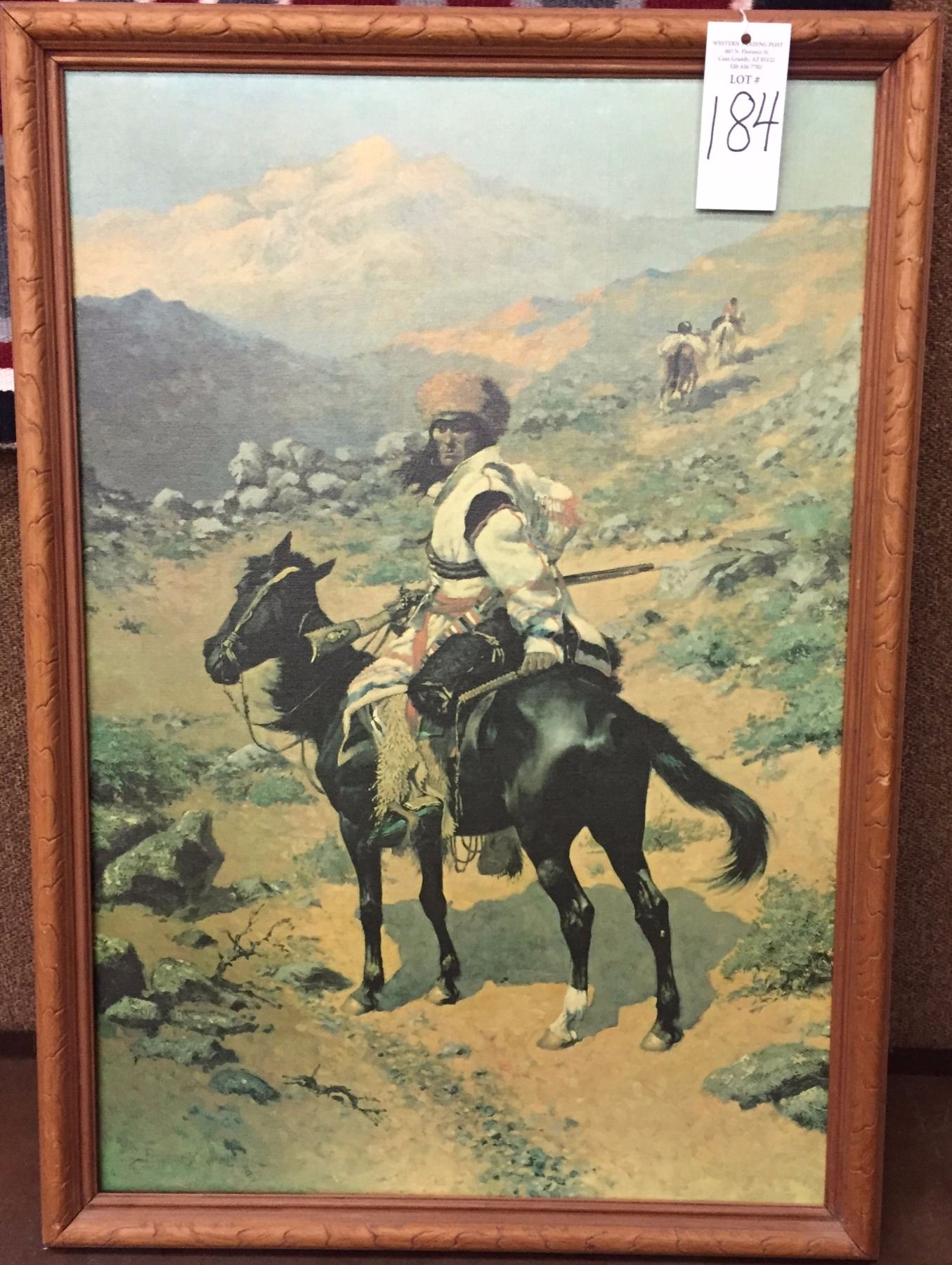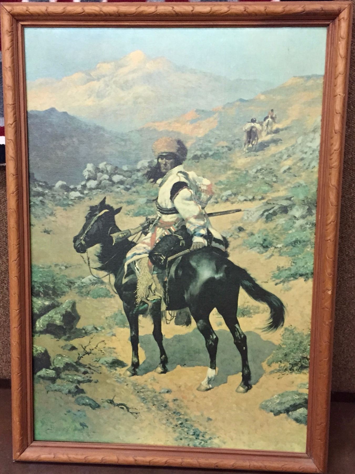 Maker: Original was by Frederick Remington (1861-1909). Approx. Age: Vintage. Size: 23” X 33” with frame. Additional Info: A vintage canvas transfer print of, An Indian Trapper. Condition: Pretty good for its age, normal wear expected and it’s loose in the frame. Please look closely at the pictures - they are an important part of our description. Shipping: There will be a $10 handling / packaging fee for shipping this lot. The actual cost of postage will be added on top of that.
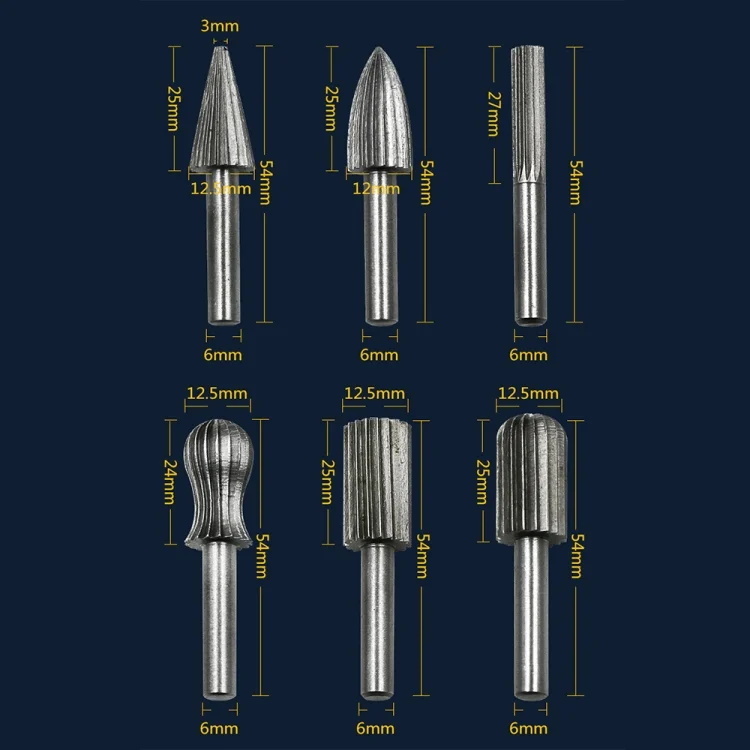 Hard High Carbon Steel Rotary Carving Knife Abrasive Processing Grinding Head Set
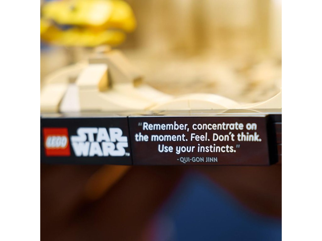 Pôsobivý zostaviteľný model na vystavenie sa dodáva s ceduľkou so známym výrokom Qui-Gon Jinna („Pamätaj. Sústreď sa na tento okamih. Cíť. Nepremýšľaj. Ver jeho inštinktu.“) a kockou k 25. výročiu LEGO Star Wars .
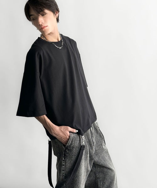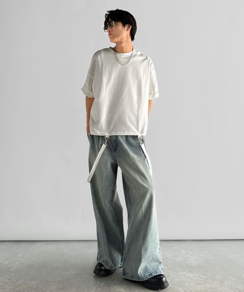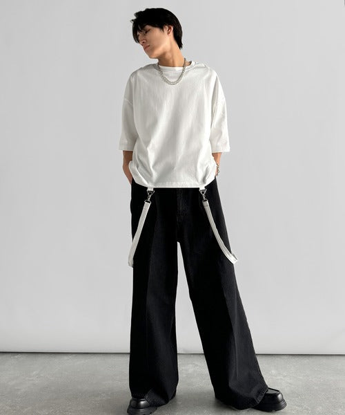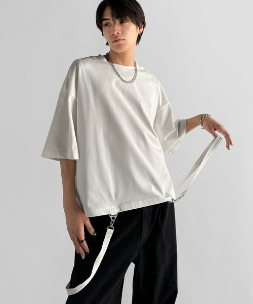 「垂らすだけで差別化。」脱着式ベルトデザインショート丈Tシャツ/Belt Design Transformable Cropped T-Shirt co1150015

● ● ● ●

Would you write out all of the data exactly as it stands, without the pictures?

 Maker: Original was by Frederick Remington (1861-1909). Approx. Age: Vintage. Size: 23” X 33” with frame. Additional Info: A vintage canvas transfer print of, An Indian Trapper. Condition: Pretty good for its age, normal wear expected and it’s loose in the frame. Please look closely at the pictures - they are an important part of our description. Shipping: There will be a $10 handling / packaging fee for shipping this lot. The actual cost of postage will be added on top of that.
 Hard High Carbon Steel Rotary Carving Knife Abrasive Processing Grinding Head Set
 Pôsobivý zostaviteľný model na vystavenie sa dodáva s ceduľkou so známym výrokom Qui-Gon Jinna („Pamätaj. Sústreď sa na tento okamih. Cíť. Nepremýšľaj. Ver jeho inštinktu.“) a kockou k 25. výročiu LEGO Star Wars .
 「垂らすだけで差別化。」脱着式ベルトデザインショート丈Tシャツ/Belt Design Transformable Cropped T-Shirt co1150015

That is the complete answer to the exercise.